Biden has tapped at least 11 Albright Stonebridge alums for his administration
China’s biggest law firm is partnering with a top Democratic lobbying practice, which has sent at least 11 alumni to senior positions in the Biden administration.
Albright Stonebridge Group, an advisory agency with deep ties to the Biden administration’s foreign policy team, announced it will partner with multinational law firm Dentons, which operates the largest legal firm in China, to build a new joint venture in international commerce called Dentons Global Advisors. Dentons Global Advisors will focus on “commercial diplomacy” and government relations worldwide, but likely will capitalize on its founders’ foothold within the Biden administration.
Included among Albright Stonebridge alumni are several of President Joe Biden’s top advisers on national security matters. Before joining the administration, U.N. ambassador Linda Thomas-Greenfield led the firm’s Africa shop, while Vice President Kamala Harris’s national security adviser Philip Gordon worked as a senior adviser for the organization. Controversial State Department appointees Victoria Nuland and Wendy Sherman also worked for Albright Stonebridge during the Trump administration.
The firm, which was founded by Clinton administration secretary of state Madeleine Albright, will likely not just have access to officials close to the White House but also strong connections to Chinese business.

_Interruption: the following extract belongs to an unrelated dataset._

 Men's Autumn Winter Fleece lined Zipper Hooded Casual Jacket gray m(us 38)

One of Dentons’s subsidiaries is Dacheng, a powerhouse Chinese law firm acquired in 2015.
Dacheng is considered by scholars to be a part of the “iron triangle” in the Chinese justice system, where the courts, lawyers, and law enforcement work together to advance the interests of the Chinese Communist Party. The Chinese law firm formed its own Communist Party committee at one point, and several senior partners have assumed positions of responsibility within local party structures.

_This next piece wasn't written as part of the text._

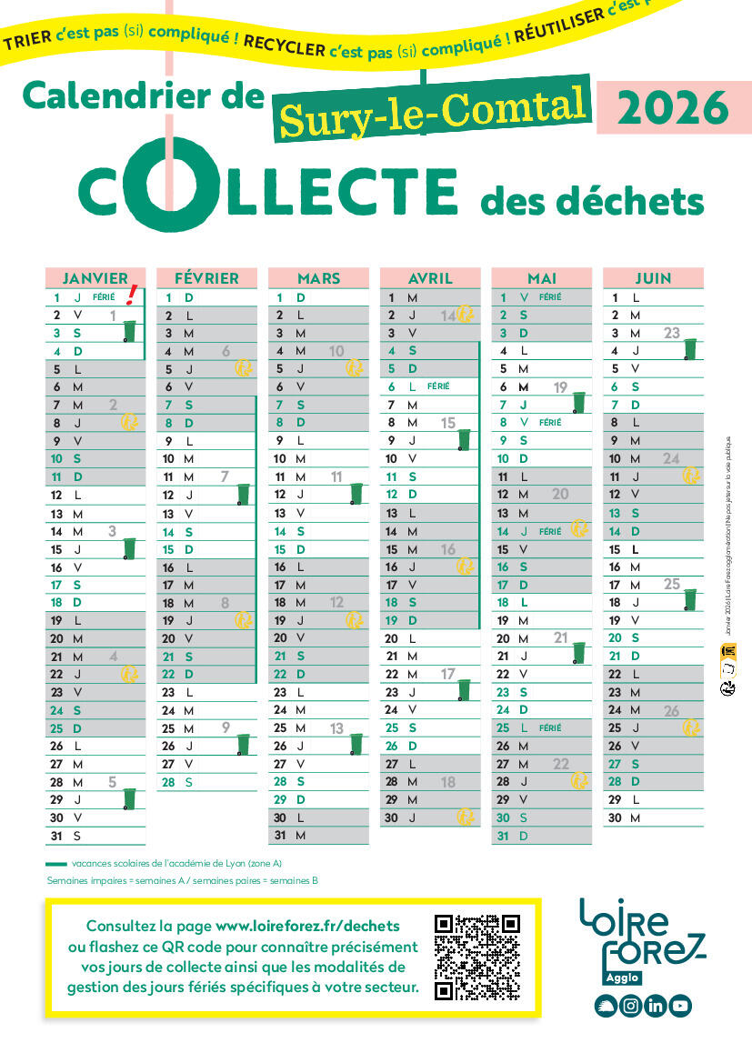 CALENDRIER 2026 de collecte des déchets pour Sury-le-Comtal

Neither Albright Stonebridge nor Dentons responded to requests for comment.
Before partnering with Dentons, Albright Stonebridge touted its own ties to Chinese enterprise, leveraging the political experience of its many staffers in Democratic White Houses. Albright Stonebridge cochair and former secretary of commerce Carlos Gutierrez was quoted by Chinese state media in 2019 as a chief critic of the Trump administration’s trade policies, urging the former president to “put the trade war behind us.”
The firm’s work on China closely follows Gutierrez’s sentiments. In one instance, Albright Stonebridge scrubbed its website of consulting work done in close cooperation with the Chinese government to secure market entry for a U.S. company into China. During the entry process, Albright Stonebridge said one of its prime objectives was to “generate goodwill within the Chinese government” for the client company.

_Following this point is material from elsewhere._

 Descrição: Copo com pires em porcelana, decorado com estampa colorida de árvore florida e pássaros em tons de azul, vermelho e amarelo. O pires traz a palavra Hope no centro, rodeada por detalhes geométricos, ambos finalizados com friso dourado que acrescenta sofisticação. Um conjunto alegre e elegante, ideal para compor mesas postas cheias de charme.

As the Biden administration moves forward in setting its own agenda with Beijing, Albright Stonebridge still appears fixated on growth in its China shop. The China practice at the lobbying firm remains the largest branch of any in the company. Albright Stonebridge senior adviser Kenneth Jarrett said last week that he does not expect U.S. companies to leave the China market even during a period of heightened tensions.
“It’s important to understand that even within an overall dynamic of competition, there is still room for cooperation,” Jarrett said. “The majority of U.S. companies are successful in China and see that success as an important contributor to their global performance. … They are not looking to exit the China market.”
Albright Stonebridge’s close ties with China and the Biden administration mirror those of a similar advisory firm whose alumni have become White House foreign policy mavens. The Washington Free Beacon reported in December 2020 that WestExec Advisors, another top consultancy, came under scrutiny during the nomination process for Secretary of State Antony Blinken for scrubbing its site of China-related work. Press Secretary Jen Psaki and Director of National Intelligence Avril Haines also worked for WestExec.